__RECORDS FOR THIS TASK__.
┌────────

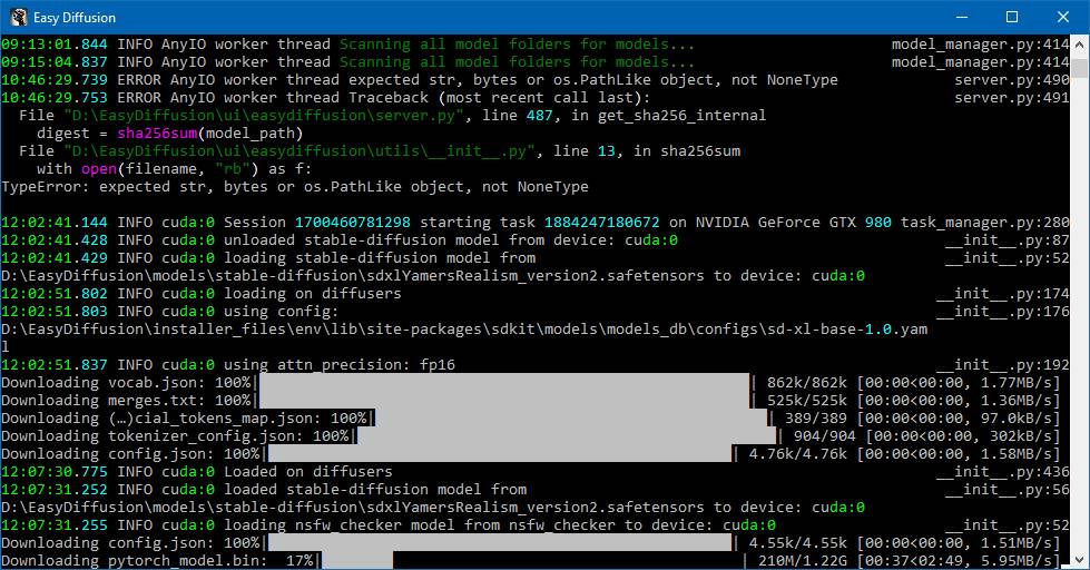 Если вы откроете окно серверной части приложения, то вы увидите, как работает система Easy Diffusion:
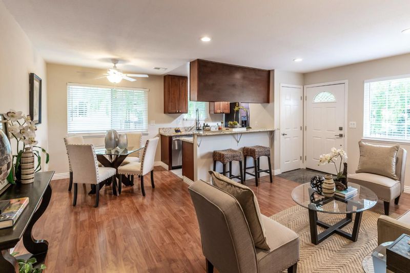 Elegant living awaits at 2323 Saidel Drive, Unit 4, This charming 2-bedroom, 1-bathroom condo spans 798 square feet, nestled among serene trees. The open layout merges living, dining, and kitchen spaces, ideal for both comfort and entertaining. Enjoy modern elegance with updated cabinets and fixtures throughout, complemented by the warmth of engineered wood flooring. The home features air conditioning and the convenience of on-site laundry, with a pet-friendly atmosphere welcoming all family members. Additionally, there's potential to convert the closet by the bathroom into a dedicated inside laundry area. Perched on the second floor, this home has lots of natural light and offers tranquil views of the surrounding greenery. Meticulously maintained grounds and additional amenities enhance the refined living experience. Convenient access to Freeway 85, located near Los Gatos, Campbell, shopping and transportation options! Location Location Location , Nested adjacent to Los Gatos, Campbell, and Cambrian. updated 2 bedroom one bathroom, one story upstairs unit, Balcony with green view of surrounding, close to Good samaritan Hospital, Shopping centers, whole food, Trader Joes .., Easy Access to freeway and public transportation, Campbell union School district,
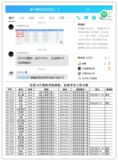 梳理健康总台账,精准核实排查。坚持每日对学生疫情防控信息日报情况进行精准摸排,建立返校学生QQ群,“一对一”“点对点”“人盯人”执行宿舍包保责任制,提醒学生按时完成晨、午、晚三次体温自测打卡填报,切实掌握每位在校学生的身体状况、流动去向及生活动态,及时准确向学院、学校上报信息,积极落实“日报告、零报告”制度,做到不漏报、错报、迟报。同时,制定在校学生流动工作台账,实时更新人数,有效形成严密的责任闭环、管控闭环、工作闭环。
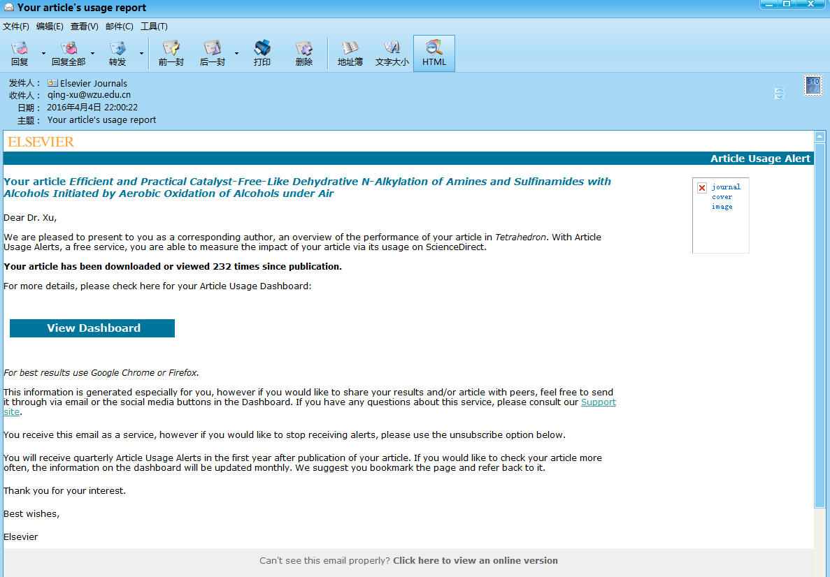 (5)       20148月,论文Copper-Catalyzed   N-Alkylation of Amides and Amines with Alcohols Employing the Aerobic   Relay Race Methodology”(Org.   Biomol. Chem. 2012,   10 (15), 2966-2972) 被评为2011-2012影响因子周期Org.   Biomol. Chem.杂志top 10% of the   most highly cited articles
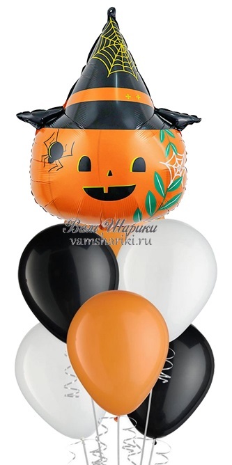 Небольшой фонтан из гелиевых шаров в стиле Хэллоуина с тыквой в черной шляпе. Состав фонтана:
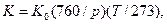 где р— давление (мм рт. ст.), а Т — абсолютная температура (К)
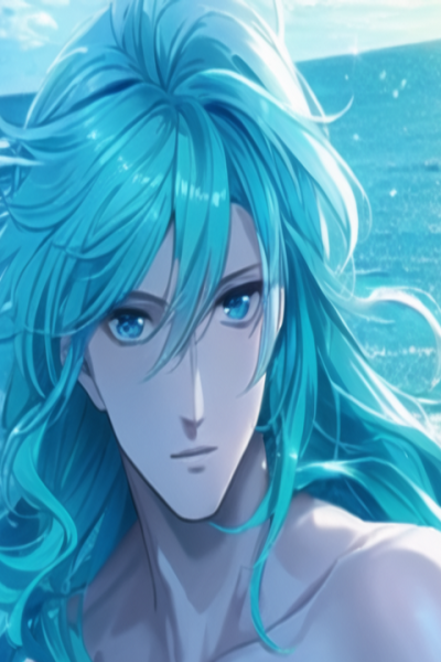 In the quiet stillness, there is a sudden splash, as if someone fell into the sea. Yet rather than into the sea, instead a beautiful figure of a man appears, floating just at the surface. Shimmering sapphire eyes fix upon the one human figure in his vision, and a soft smile appears on his lips. After a moment, he floats closer to where they are.
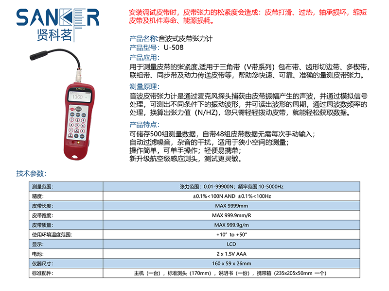 声波张力测量设备使用简单,但环境噪音会影响其准确性。为了解决这个问题,贤科茗皮带张力计U-508包含增益调节器或软件,使设备能够“消除”环境噪声并提供**度为 ±1% 的张力测量值。
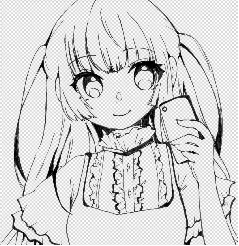 線画抽出されたイラストは、線画以外が透過されています。
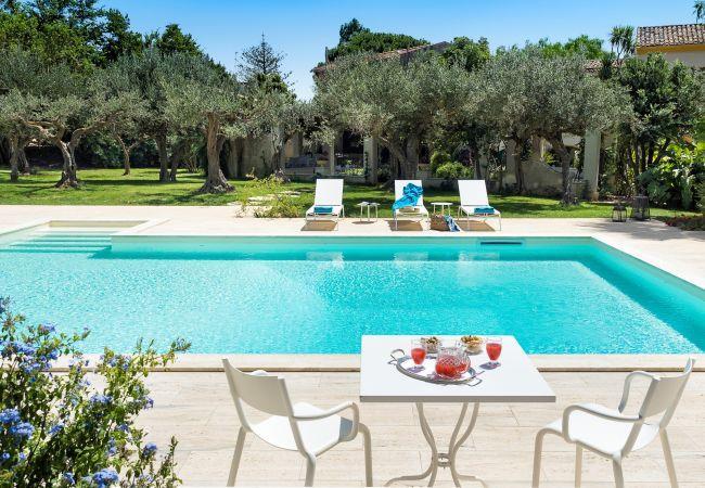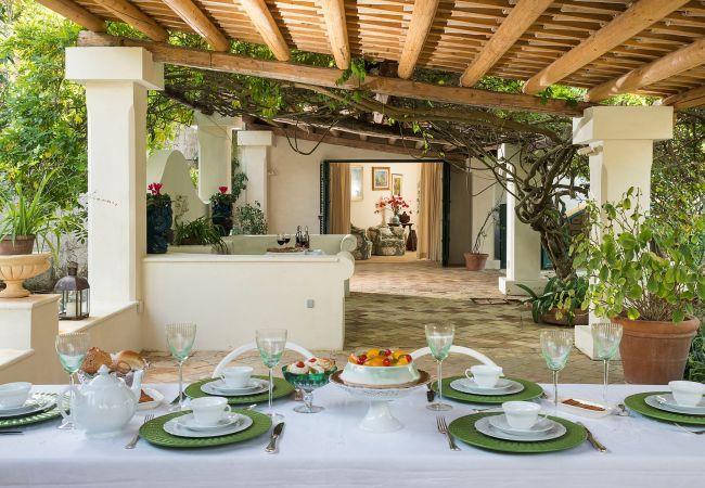 Die Villa ist von einem gepflegten und üppigen mediterranen Garten mit herrlichem Swimmingpool und Sonnenterrasse umgeben und verfügt über große Terrassen für Abendessen und Frühstücke im Freien oder für angenehme Momente der Entspannung auf den typischen Sitzgelegenheiten aus Stein.
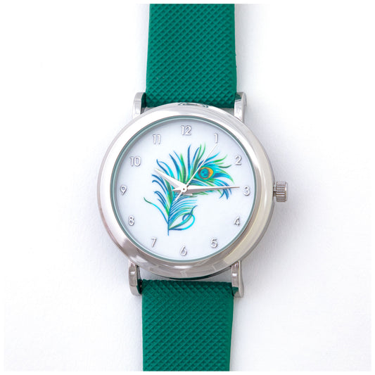 Green Peacock Feather Watch

└────────

__YOUR INSTRUCTIONS__. Leave out every picture, and repeat word for word only the lines from the one holding "線画抽出されたイラストは、線画以外が透過されています。" through the end of the entries above, both ends included.

__TASK RESPONSE__.
 線画抽出されたイラストは、線画以外が透過されています。
 Die Villa ist von einem gepflegten und üppigen mediterranen Garten mit herrlichem Swimmingpool und Sonnenterrasse umgeben und verfügt über große Terrassen für Abendessen und Frühstücke im Freien oder für angenehme Momente der Entspannung auf den typischen Sitzgelegenheiten aus Stein.
 Green Peacock Feather Watch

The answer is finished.